A Rust implementation of FastQC, a quality control tool for high throughput sequence data. This is a 1:1 rewrite of FastQC v0.12.1 with identical output format and analysis algorithms.

Features

  • Built-in Trim Galore support — adapter/quality trimming via fastqc-rs trim-galore, a Rust reimplementation wrapping Cutadapt

  • 12 analysis modules with identical algorithms and pass/warn/fail thresholds:

    1. Basic Statistics
    2. Per Base Sequence Quality
    3. Per Tile Sequence Quality
    4. Per Sequence Quality Scores
    5. Per Base Sequence Content
    6. Per Sequence GC Content
    7. Per Base N Content
    8. Sequence Length Distribution
    9. Sequence Duplication Levels
    10. Overrepresented Sequences
    11. Adapter Content
    12. Kmer Content
  • Input formats: FASTQ (plain, gzip, bzip2), BAM, SAM

  • Output: HTML report with SVG graphs, ZIP archive, fastqc_data.txt, summary.txt

  • Output compatibility: Text reports match Java FastQC output (identical PASS/WARN/FAIL, near-identical data values)
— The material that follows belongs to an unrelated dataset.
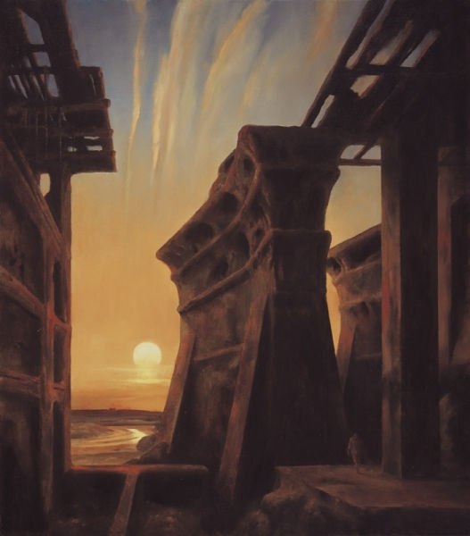 Although Rick Amor cannot in this context be categorised as a ‘New Romantic’, he remains one of the most highly regarded and important Romantic Australian artists of the last 100 years. Amor's paintings are imbued with potent symbolism and a majestic, poetic quality. Amor's play with light and shadows and his meticulous, draftsman-like use of depth of field in his paintings - particularly in his urban landscapes - bring a sense of tension, disquiet and mystery that intimates an array of meanings.

  • Multi-file parallel processing via rayon

  • Single binary with embedded configuration files

Installation

cargo install --path .

Or build from source:

cargo build --release

Usage

# Basic usage
fastqc-rs input.fastq

# Multiple files with parallel processing
fastqc-rs -t 4 sample1.fastq.gz sample2.fastq.gz

# Specify output directory
fastqc-rs -o results/ input.fastq

# BAM/SAM files
fastqc-rs input.bam
fastqc-rs -f sam_mapped input.sam   # Only mapped reads, with soft-clip removal

# Extract results from ZIP
fastqc-rs --extract input.fastq

# Quiet mode (suppress progress)
fastqc-rs -q input.fastq

CLI Options

Option Description
-o, --outdir <DIR> Output directory (must exist)
--extract Unzip output after creation
--noextract Don't unzip output (default)
--delete Delete ZIP after extraction
-f, --format <FMT> Force format: fastq, bam, sam, bam_mapped, sam_mapped
-c, --contaminants <FILE> Custom contaminant list
-a, --adapters <FILE> Custom adapter list
-l, --limits <FILE> Custom pass/warn/fail thresholds
-t, --threads <N> Number of files to process simultaneously (default: 1)
-k, --kmers <SIZE> Kmer length (default: 7)
-q, --quiet Suppress progress messages
--casava CASAVA mode (filter flagged reads)
--nogroup Disable base position grouping
--expgroup Use exponential base grouping
--min-length <BP> Minimum sequence length for grouping
--dup-length <BP> Truncation length for duplication analysis
--svg Output SVG graphs

Output

For each input file sample.fastq.gz, produces:

  • sample_fastqc.html — Interactive HTML report
  • sample_fastqc.zip — Archive containing:
    • fastqc_report.html
    • fastqc_data.txt — Tab-delimited analysis data
    • summary.txt — PASS/WARN/FAIL per module
    • Icons/ — Status icons
    • Images/ — SVG graphs

Trim Galore

A built-in Rust reimplementation of Trim Galore (by Felix Krueger), wrapping Cutadapt for adapter and quality trimming. Requires Cutadapt to be installed separately.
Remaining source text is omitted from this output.